From both attacks, I spent my teen years hidden, alone; I
never had a date until my senior year; I lived in my room, reading novels and
listening to radio. I was an isolated, fearful girl. I was a good student,
though, so people who knew me then would probably think I was just fine with my
grades and small activities in school, and would not believe any of my story.
So, I covered with fake laughter until I could get away from the high school
campus and flee into my shield-room. I look back on the girl today and feel so
sorry for her, so neglectful of what she needed from me to get well, and never
had.
But the horror wasn’t over. Since I had lived virtually
alone throughout my teen years and was inexperienced and naïve, I knew nothing.
And I was raped my sophomore year in college at a party with wine and drugs,
which I didn’t know were being dropped in the drinks. My lonely self was just
happy to be invited and did not know I was targeted. And he was paying
attention. He was popular, handsome, smart, a big deal on campus. I couldn’t
believe I was so lucky that night.
I wasn’t. He took me upstairs to a dark room
and onto a bed. I was a virgin. I told him I was and begged him to stop. He laughed
and said he was “pretty big,” so it might hurt, but “if you think I’m going to
stop now, you’re crazy.” He held me down, and he was right: he hurt me. Afterwards,
he said, “Don’t speak to me on campus: I’m not friends with girls I screw.” And
I knew what I was now to the predator.
I bled for days. When I told her what he’d done, my roommate
said if I reported him, it would ruin his reputation, and that she would say it
was a lie. I bled. I should have seen a doctor; I didn’t. I should have told
someone; I didn’t.

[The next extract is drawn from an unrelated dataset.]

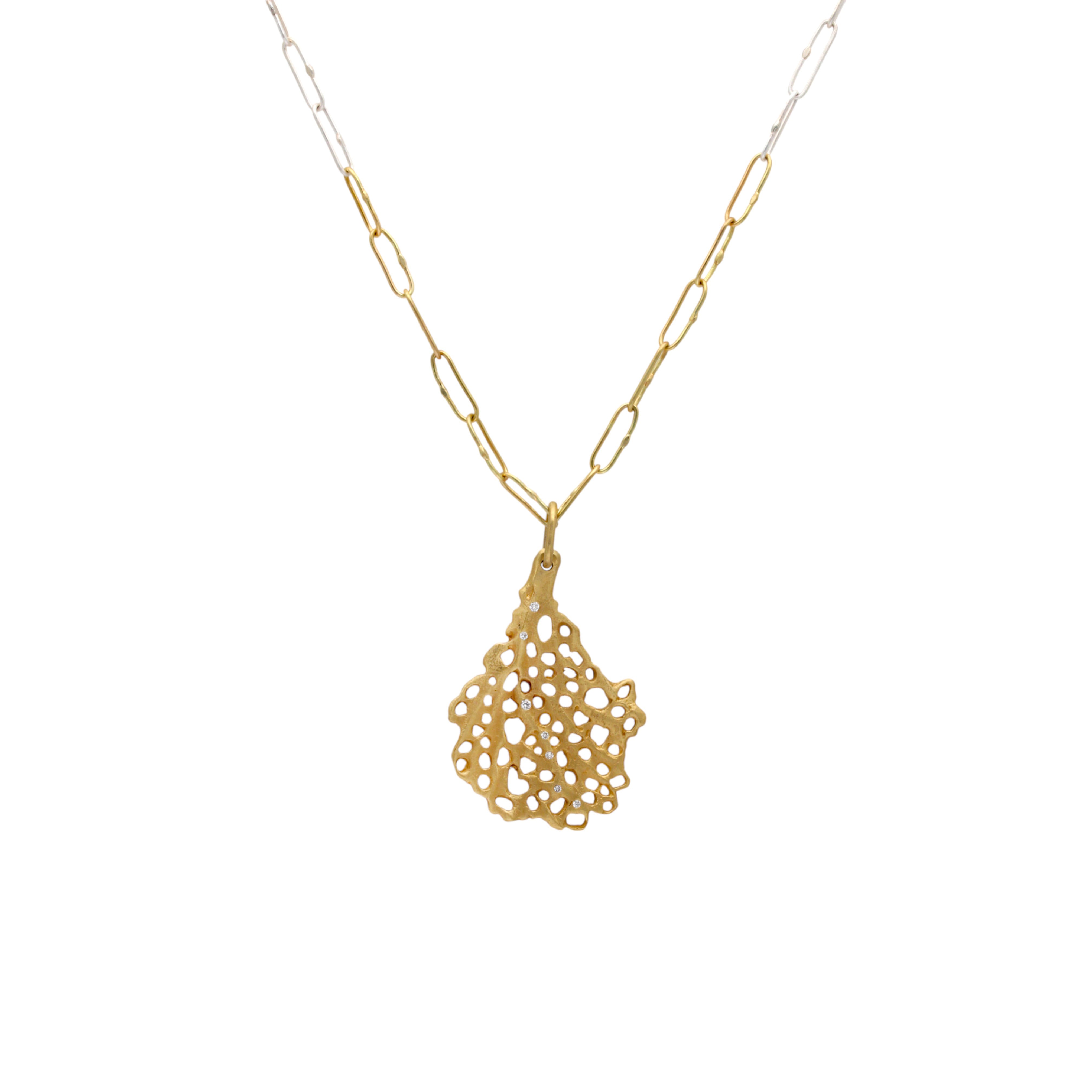 Koraru Coral Pendant with 7 White Diamonds in 18k Yellow Gold
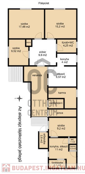 - szoba, konyha-étkező, fürdőszoba, külön WC, kis kamra

I bled and hurt and blamed myself. My grades went down, and
I hid in a part-time job away from campus for a year.
The assaults and attacks affected who I eventually became, but I was never who I was meant to be: she was lost. On the surface, I may seem to be a successful woman
now, and I am to some extent, but I would not talk about the attacks and
instead repressed what happened to me; I am only just now in my later years
facing the memories and images. I now know there are millions of us. But we are telling our stories because we finally have the support system in one
another that many of us lacked from others in our lives. Now we can finally
tell, and help one another.
Today, I know who he is—this predator who rapes, who preys
on us, who depends on our silence; I know who he is, what he did to me, does to
us, to my sisters, and I will not be silent. So to you men (and women)
who deny the truth we tell you, who have done that to us for millennia while we
bleed, while we are assaulted and raped and hurt and ignored: they did it. We’re not going to
stop telling; we’re not going to shut up; we’re here, and we’re going to rise
up, take our places, and fight back. They did it; and we’re going to tell. You
will listen, fight back with us, or be replaced—very likely by us.